El seleccionador Thomas Rongen se refirió al significado del certamen en sus declaraciones a FIFA.com el día antes de la derrota ante Austria. "Para un país con una tradición futbolística reciente como Estados Unidos es importante jugar un fútbol atractivo y de ataque", aseguró este veterano técnico nacido en Holanda. "A fin de cuentas, en categorías inferiores, el juego que practicas es quizá más importante que los resultados. Estamos progresando a pasos agigantados y la gente está empezando a hablar del buen fútbol que practica Estados Unidos, y eso es algo que no estamos acostumbrados a oír".

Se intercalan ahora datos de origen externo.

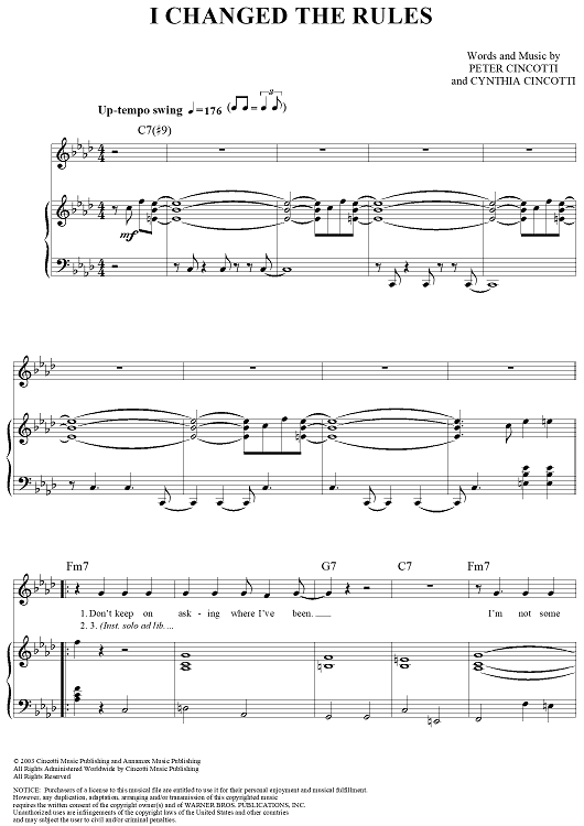 Digital Sheet Music for I Changed the Rules by Peter Cincotti, Cynthia Cincotti scored for Piano/Vocal/Chords; id:305326
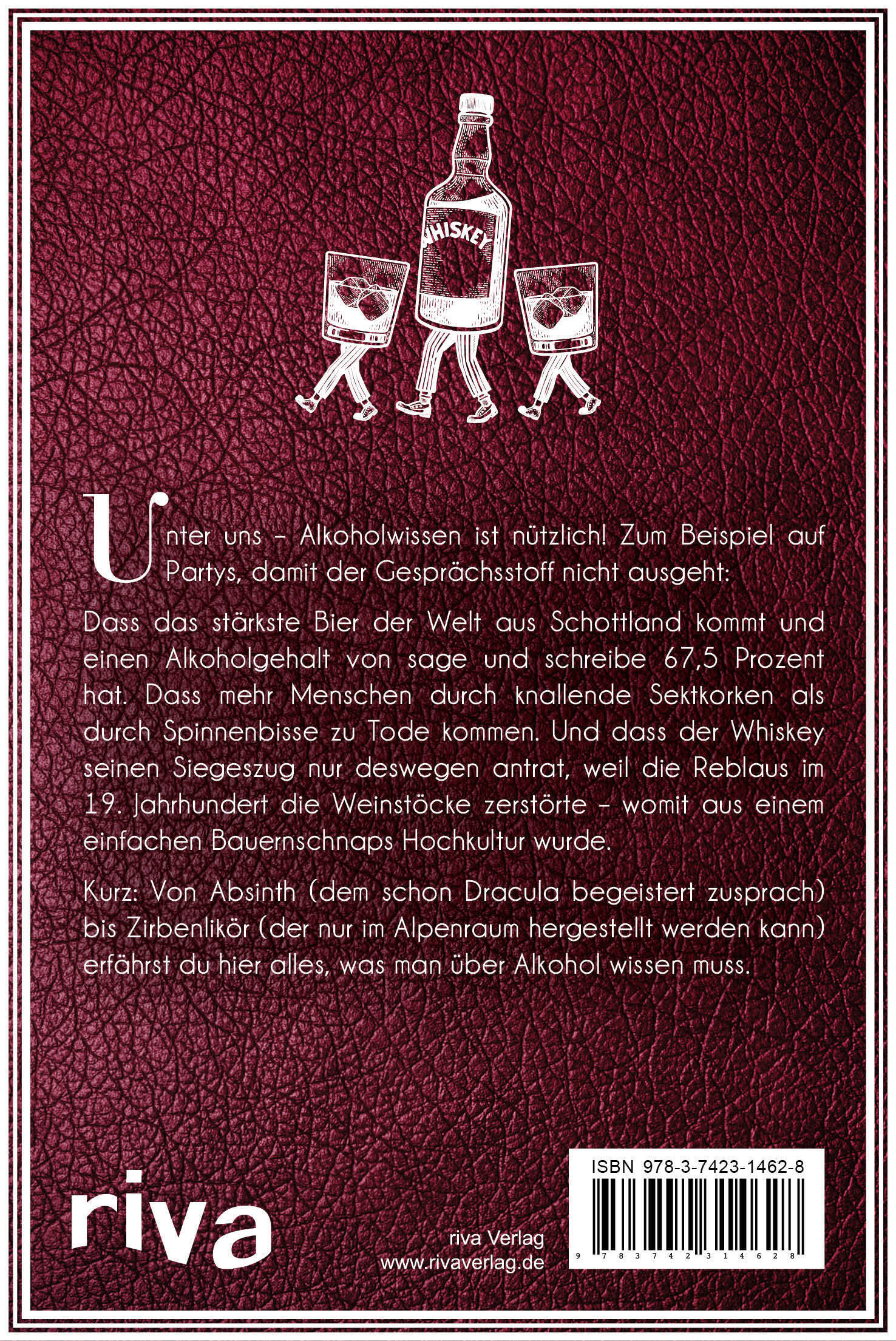Unter uns - Alkoholwissen ist nützlich! Zum Beispiel auf Partys, damit der Gesprächsstoff nicht ausgeht: Dass das stärkste Bier der Welt aus Schottland kommt und einen Alkoholgehalt von sage und schreibe 67,5 Prozent hat. Dass mehr Menschen durch knallende Sektkorken als durch Spinnenbisse zu Tode kommen. Und dass der Whiskey seinen Siegeszug nur deswegen antrat, weil die Reblaus im 19. Jahrhundert die Weinstöcke zerstörte - womit aus einem einfachen Bauernschnaps Hochkultur wurde. Kurz: Von Absinth (dem schon Dracula begeistert zusprach) bis Zirbenlikör (der nur im Alpenraum hergestellt werden kann) erfährst du hier alles, was man über Alkohol wissen muss.
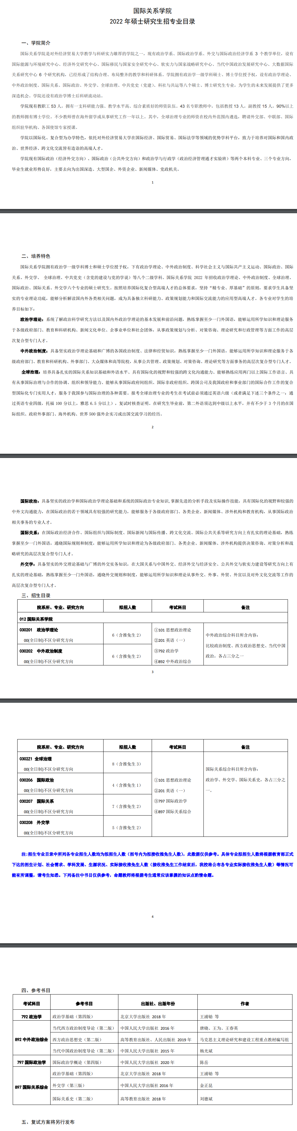 贸大考研辅导班:2022年对外经济贸易大学国际关系学院硕士研究生招生专业介绍、招生人数、参考书公布

Como Rongen subraya, el legado de este combinado estadounidense será el de la confirmación de los grandes progresos que se están realizando en la dirección correcta. Mientras que, en el pasado, las selecciones norteamericanas se han mostrado en ocasionas ingenuas tácticamente, este equipo imaginativo y dinámico llegó a Canadá con el objetivo de alcanzar las semifinales, un paso más allá que la última vez en que Rongen dirigió al combinado estadounidense, en Emiratos Árabes Unidos 2003, donde Estados Unidos cayó en un apretado duelo de cuartos de final ante una Argentina que lideraba Javier Mascherano.

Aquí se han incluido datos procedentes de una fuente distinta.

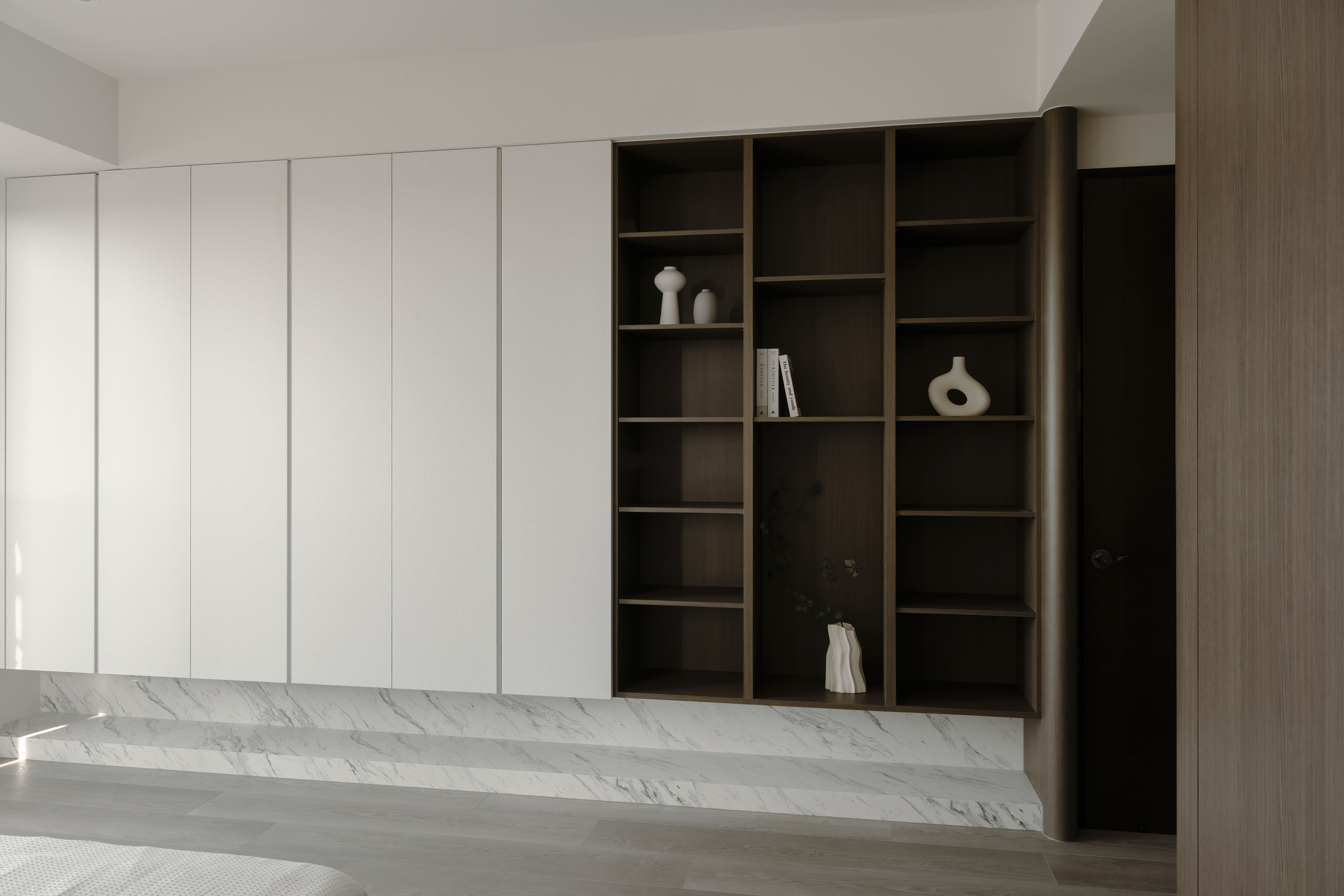 餐桌後方設計了一整排收納櫃,充分滿足儲物需求的同時,釋放了上部空間。櫃體採用紋理獨特的美耐板,成為餐廳與客廳之間的視覺焦點,巧妙地融合兩個空間,增添整體設計的細膩與層次感。 -

Al final, el seleccionado estadounidense fracasó en su intento de lograr el objetivo marcado, pero si el propósito de un proyecto sub-20 es nutrir de estrellas a las selecciones absolutas del futuro, Estados Unidos han conquistado grandes metas en la cita de Canadá.

Futuros brillantes
Bradley y Szetela destacaron como verdaderos colosos en las labores de contención. Adu tuvo días de auténtica brillantez, especialmente el del 2-1 sobre Brasil. Josmer Altidore se mostró como un delantero de una tremenda proyección, dotado de la astucia y la fuerza física necesarias para dominar la pelota y anotar muchos goles.

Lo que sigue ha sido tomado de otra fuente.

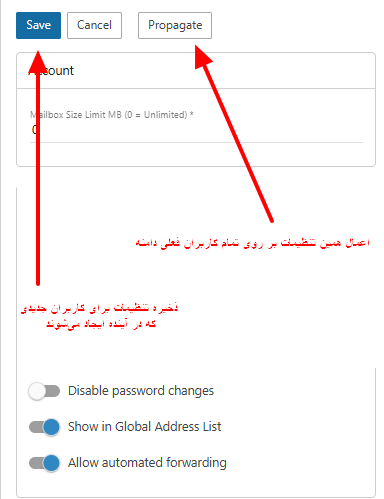 | Propagate | اعمال همین تنظیمات بر روی تمام کاربران فعلی دامنه. |
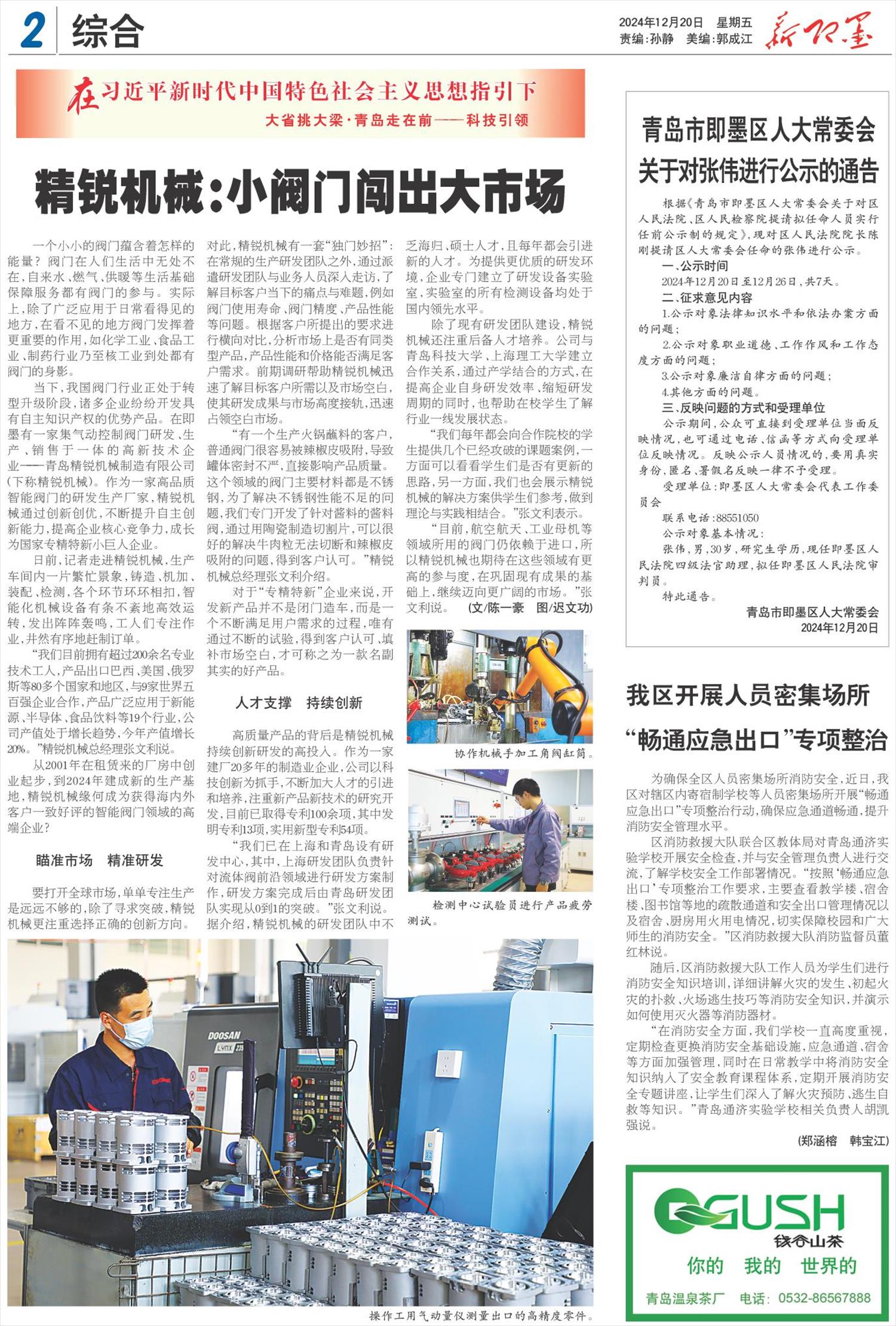 当下,我国阀门行业正处于转型升级阶段,诸多企业纷纷开发具有自主知识产权的优势产品。在即墨有一家集气动控制阀门研发、生产、销售于一体的高新技术企业——青岛精锐机械制造有限公司(下称精锐机械)。作为一家高品质智能阀门的研发生产厂家,精锐机械通过创新创优,不断提升自主创新能力,提高企业核心竞争力,成长为国家专精特新小巨人企业。

En las bandas, los universitarios Tony Beltran y Sal Zizzo, de la Universidad de California de Los Ángeles, no desentonaron en un equipo de profesionales y sobresalieron por su habilidad y la precisión de sus centros. Todo apunta a que ambos jugadores tendrán brillantes carreras una vez que finalicen sus estudios en la soleada California.

En líneas generales, Estados Unidos echó en falta una mayor experiencia en partidos decisivos, lo que es comprensible si nos guiamos por las palabras de Rongen, que define la tradición futbolística de Estados Unidos como "aún en formación". Tras arrollar en la fase de grupos, el combinado norteamericano demostró que la tensión de las eliminatorias todavía le viene un poco grande. Con todo, Rongen, que logró que su equipo jugara el fútbol más atractivo y técnico que ninguna selección estadounidense haya practicado nunca, hace balance positivo de la experiencia.

"Lógicamente, siempre quieres ganar, pero, si el mundo comienza a darse cuenta de que en Estados Unidos se está jugando un fútbol ofensivo y de calidad, podemos estar seguros de haber avanzado en la dirección apropiada", aseguró. "Estamos muy decepcionados porque no logramos nuestro objetivo en Canadá. No obstante, podemos sacar más conclusiones positivas que negativas".